*Source data*:
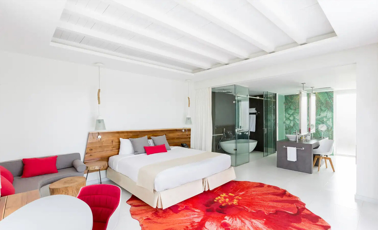 Diese Zimmer befinden sich im ersten Stock eines der 26 kleinen Gebäude, die sich um den großen Pool gruppieren. Sie sind der perfekte Ort zum Entspannen, mit überdachten Liegen auf einer großen Terrasse. Die geräumigen, in Rot und Schwarz gehaltenen Zimmer sind mit viel Liebe zum Detail eingerichtet.
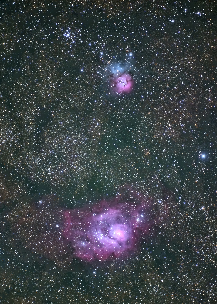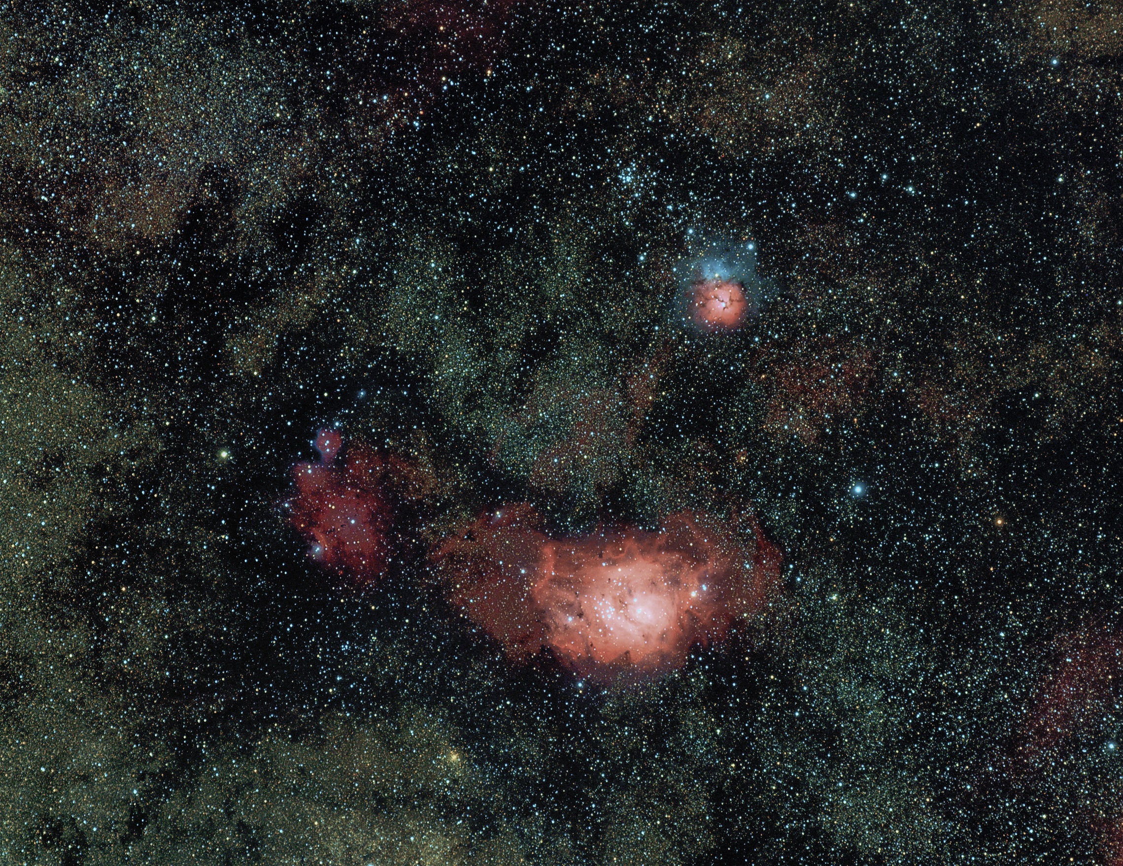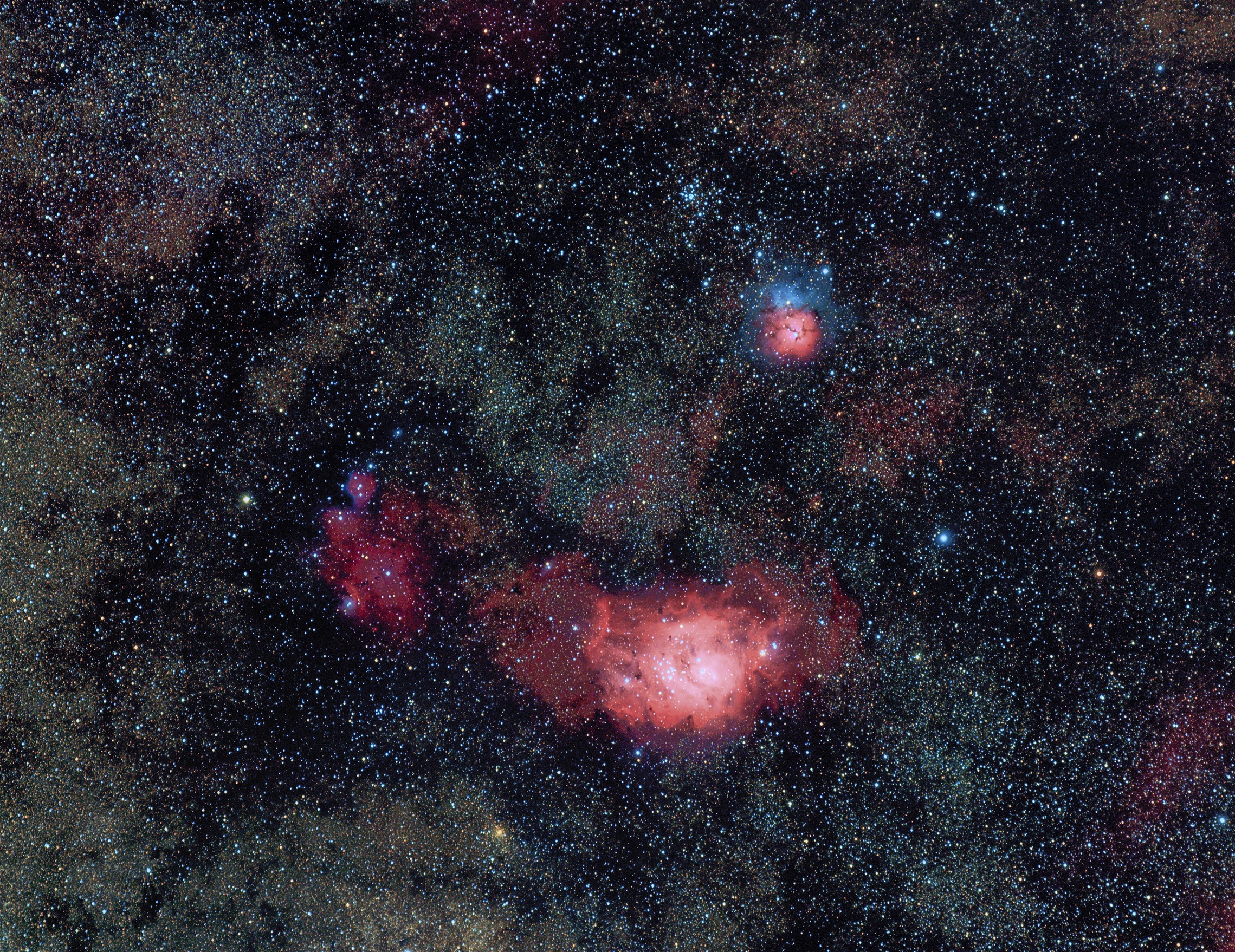 45分の露出では少ないので,M8の西側に広がっている通称(猫の手?)星雲があまり出ません。そこで,画像処理でさらにストレッチをしてみました。
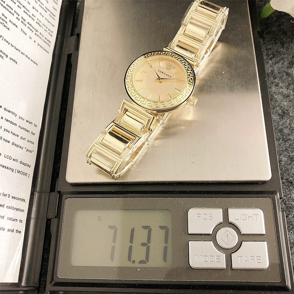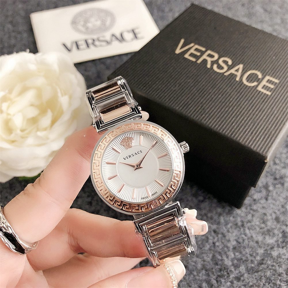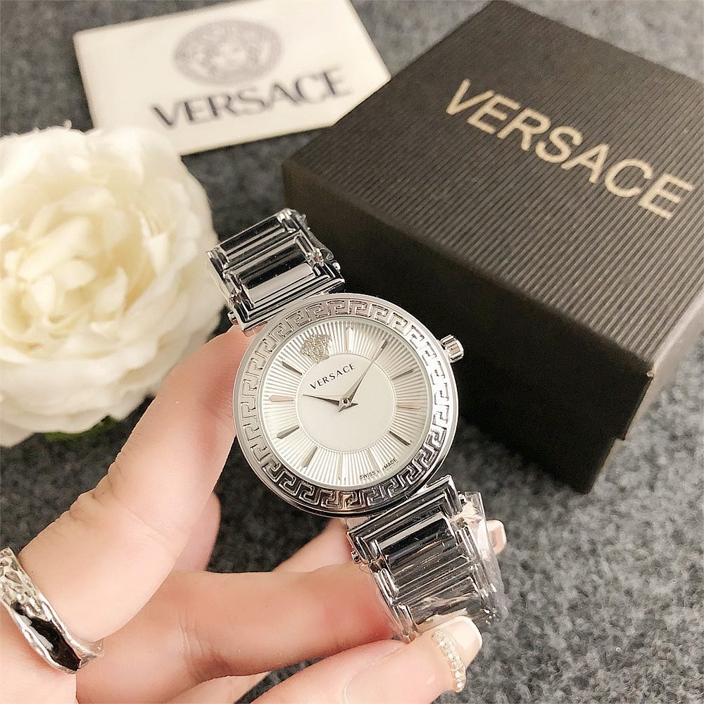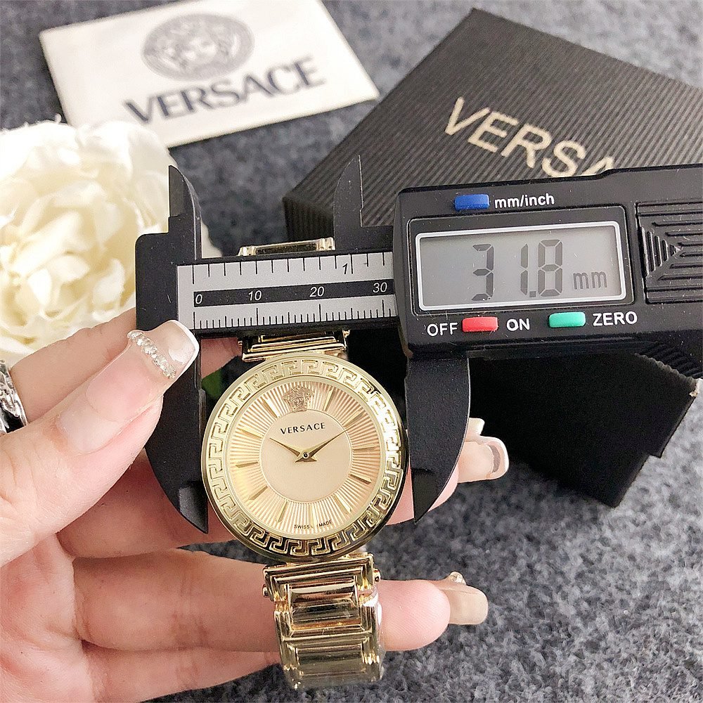 Decoration: The top ring of the watch case is decorated with Greek ripple patterns and Versace logo, showcasing the brand’s unique style.
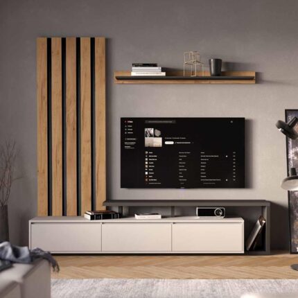 Con un diseño moderno y estilizado, la composición de salón Kler incluye un distintivo panel de lamas junto con un
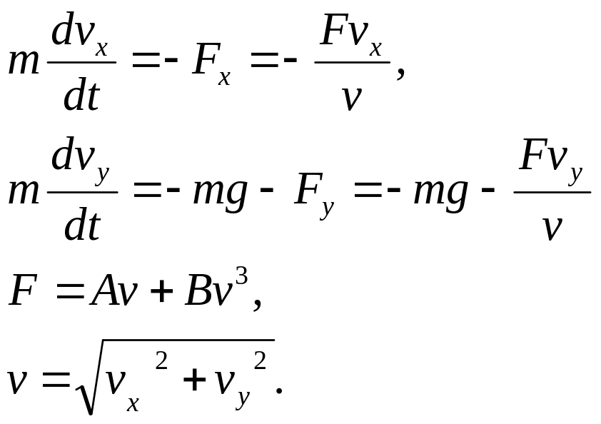 Указание. Уравнения движения по координатным осям имеют вид [8]:
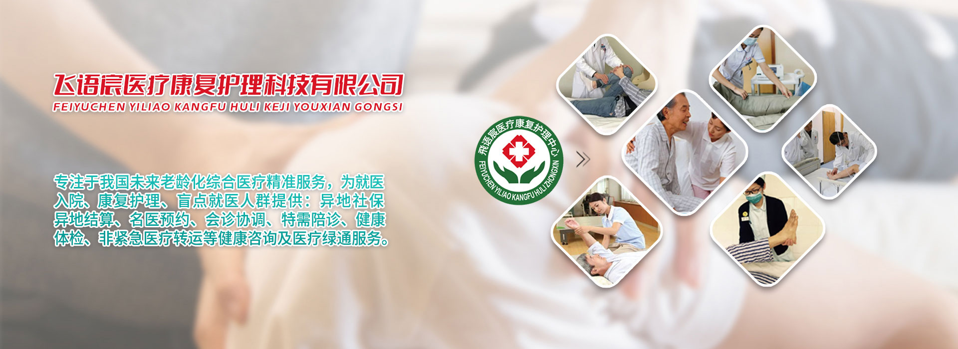 深圳市飛語宸醫(yī)療康復護理科技有限公司,是一家專注于健康產業(yè)領域中具有卓越影響力的創(chuàng)新型服務企業(yè)。公司致力于為社會提供全方位、高品質的醫(yī)療、康復、護理及人工智能綠通就醫(yī)服務。憑借前沿最先進的醫(yī)療技術信息和專業(yè)的團隊,注重服務深耕細作,為解決健康綠通服務壁壘,相繼融通全國各地數百家實力派醫(yī)療機構、養(yǎng)老機構、護理機構、陪診機構、陪護機構、助浴機構的社會資源力量,使醫(yī)療綠通精準服務于社會。
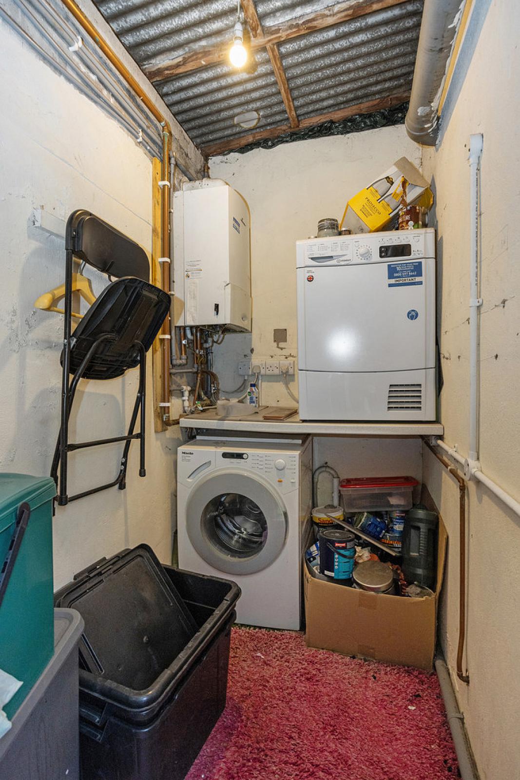 UTILITY STORE 15' 4" x 5' 5" (4.67m x 1.65m)(Widest points) Plumbed for washing machine. Space for tumble drier. Gas boiler.
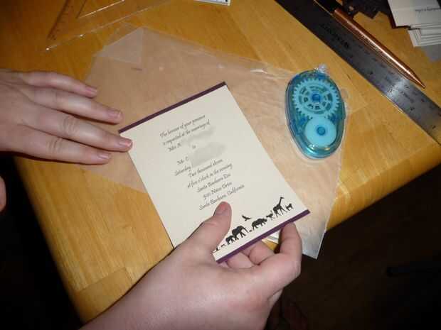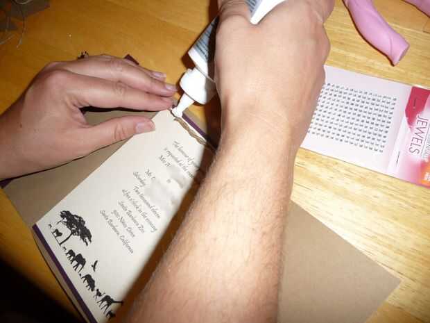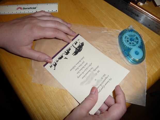 Aplique pegamento en la parte superior e inferior de la invitación usando el rodillo del pegamento.

*Aim of the task*:
Your reply should be the entries copied exactly, with all images omitted.

*Result below*:
 Diese Zimmer befinden sich im ersten Stock eines der 26 kleinen Gebäude, die sich um den großen Pool gruppieren. Sie sind der perfekte Ort zum Entspannen, mit überdachten Liegen auf einer großen Terrasse. Die geräumigen, in Rot und Schwarz gehaltenen Zimmer sind mit viel Liebe zum Detail eingerichtet.
 45分の露出では少ないので,M8の西側に広がっている通称(猫の手?)星雲があまり出ません。そこで,画像処理でさらにストレッチをしてみました。
 Decoration: The top ring of the watch case is decorated with Greek ripple patterns and Versace logo, showcasing the brand’s unique style.
 Con un diseño moderno y estilizado, la composición de salón Kler incluye un distintivo panel de lamas junto con un
 Указание. Уравнения движения по координатным осям имеют вид [8]:
 深圳市飛語宸醫(yī)療康復護理科技有限公司,是一家專注于健康產業(yè)領域中具有卓越影響力的創(chuàng)新型服務企業(yè)。公司致力于為社會提供全方位、高品質的醫(yī)療、康復、護理及人工智能綠通就醫(yī)服務。憑借前沿最先進的醫(yī)療技術信息和專業(yè)的團隊,注重服務深耕細作,為解決健康綠通服務壁壘,相繼融通全國各地數百家實力派醫(yī)療機構、養(yǎng)老機構、護理機構、陪診機構、陪護機構、助浴機構的社會資源力量,使醫(yī)療綠通精準服務于社會。
 UTILITY STORE 15' 4" x 5' 5" (4.67m x 1.65m)(Widest points) Plumbed for washing machine. Space for tumble drier. Gas boiler.
 Aplique pegamento en la parte superior e inferior de la invitación usando el rodillo del pegamento.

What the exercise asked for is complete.